Inflation à la pompe en Côte d'Ivoire : hausse des prix des carburants en août 2026
31 juillet 2026

Inflation à la pompe en Côte d'Ivoire : hausse des prix des carburants en août 2026

Par Timothée Adjogla

Les points clés :

  • La Côte d'Ivoire applique le mécanisme d'ajustement automatique des prix des carburants pour le mois d'août 2026 en répercutant les tensions internationales.

  • Le Super sans plomb franchit la barre des 900 FCFA le litre tandis que le gasoil et le pétrole lampant subissent des augmentations comprises entre 25 et 35 FCFA.
  • Les prix du gaz butane restent rigoureusement bloqués à leurs niveaux antérieurs afin de préserver le pouvoir d'achat des ménages face au risque d'escalade des coûts de la vie.

L'économie ivoirienne se retrouve une nouvelle fois confrontée à la volatilité structurelle des marchés énergétiques mondiaux. En application du mécanisme automatique de fixation des tarifs des hydrocarbures, la Direction générale des hydrocarbures a officialisé la grille tarifaire en vigueur pour la période du 1er au 31 août 2026. Cette revalorisation touche l'ensemble des carburants liquides et reflète directement la détérioration de la conjoncture pétrolière internationale. Après une relative accalmie, la hausse des cours du brut frappe les consommateurs à la pompe, témoignant de la vulnérabilité des pays importateurs nets face aux soubresauts du commerce mondial.

L'origine principale de cette poussée tensionnelle réside dans les perturbations logistiques majeures qui affectent le détroit d'Ormuz. Le blocage de cette artère névralgique du transit maritime pétrolier mondial a immédiatement restreint l'offre disponible et fait s'envoler les coûts d'assurance et de fret maritime. Fidèle à sa politique d'ajustement mensuel qui vise à répercuter la réalité des coûts d'approvisionnement tout en lissant les pics d'inflation extrême, Abidjan adapte ses prix locaux pour maintenir l'équilibre financier des distributeurs sans asphyxier totalement le tissu économique national.

Impact différencié sur le transport, les ménages ruraux et la stabilité du gaz butane

Dans le détail, le Super sans plomb subit la hausse la plus marquée sur le marché de détail en augmentant de 30 FCFA pour s'établir à 905 FCFA le litre pour le mois d'août. Ce carburant de référence avait déjà connu une envolée brutale de 55 FCFA en mai dernier pour atteindre 875 FCFA, après avoir entamé le deuxième trimestre à 820 FCFA. Le gasoil, véritable fluide vital du secteur du transport de marchandises et des véhicules de transport en commun, enregistre pour sa part un relèvement de 25 FCFA pour fixer son litre à 725 FCFA, prolongeant la hausse identique subie trois mois plus tôt par rapport au niveau d'avril.

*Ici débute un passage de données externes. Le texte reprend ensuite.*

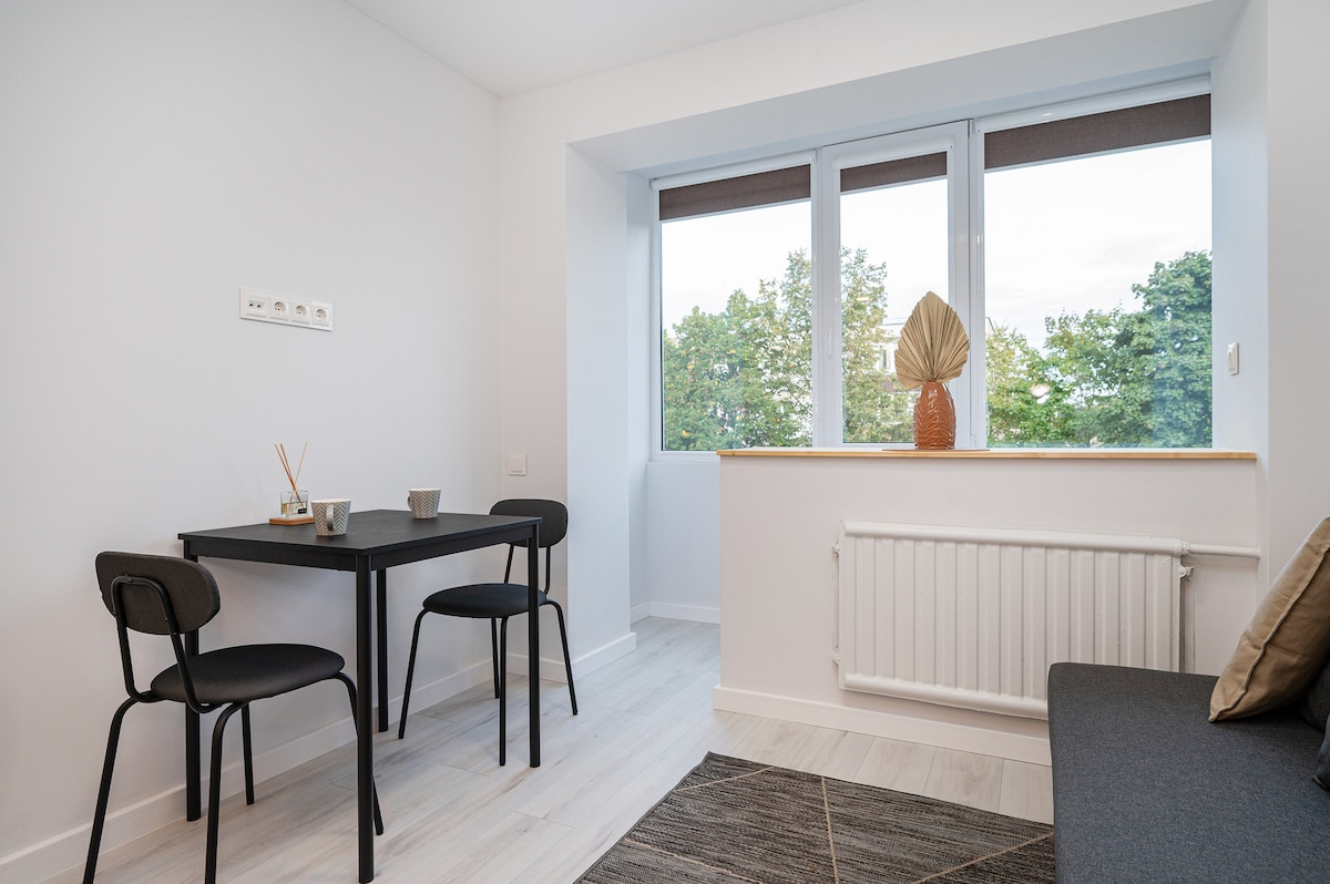 La ristrutturazione è stata completata nel gennaio 2024. Primo appartamento super accogliente situato accanto a uno splendido fiume in una città incredibilmente ben tenuta e ordinata! Nelle vicinanze c'è anche una splendida natura che potrebbe rendere le belle passeggiate serali. NUOVA aria condizionata portatile per combattere il caldo:) A soli 15 minuti dall'aeroporto di Kaunas! Ci sono due grandi supermercati a 500 metri di distanza! E anche un Lidl a 700 metri. Ci sono 3 ristoranti nelle vicinanze (1 km) che includono un Hesburger.

L'impact social de cette révision touche également les zones rurales et périurbaines à travers le pétrole lampant, produit essentiel pour l'éclairage et le chauffage domestique hors réseau électrique. Ce combustible progresse de 35 FCFA pour atteindre 780 FCFA le litre. En revanche, le gouvernement ivoirien a choisi de maintenir un bouclier tarifaire strict sur le gaz butane domestique. Les prix restent gelés à 2 000 FCFA pour la bouteille de 6 kg, 5 200 FCFA pour le format de 12,5 kg et 11 610 FCFA pour la bouteille de 25 kg. Cette mesure de soutien ciblé cherche à contenir la facture énergétique des foyers et à freiner la déforestation liée à l'usage du bois de chauffe.

Pourquoi est-ce important ?

La revalorisation des prix des carburants en Côte d'Ivoire illustre le défi permanent d'arbitrage auquel font face les gouvernements ouest-africains entre vérité des prix industriels et protection de la paix sociale. La hausse combinée du gasoil et du Super fait peser un risque direct de contagion inflationniste sur l'ensemble de l'économie, au premier rang duquel figure le coût du transport urbain et interurbain ainsi que le prix des denrées alimentaires acheminées depuis les campagnes vers les grands centres urbains comme Abidjan.

En sanctuarisant les tarifs du gaz butane, les autorités ivoiriennes tentent d'amortir le choc financier pour les ménages les plus modestes tout en poursuivant leurs objectifs environnementaux. Néanmoins, si les blocages logistiques au détroit d'Ormuz venaient à s'inscrire dans la durée, la pression sur le budget de l'État pour maintenir ces subventions croisées deviendrait difficilement tenable. L'évolution des prix au cours des prochains mois sera un indicateur décisif pour évaluer la capacité de résilience de la demande intérieure ivoirienne face au choc pétrolier mondial.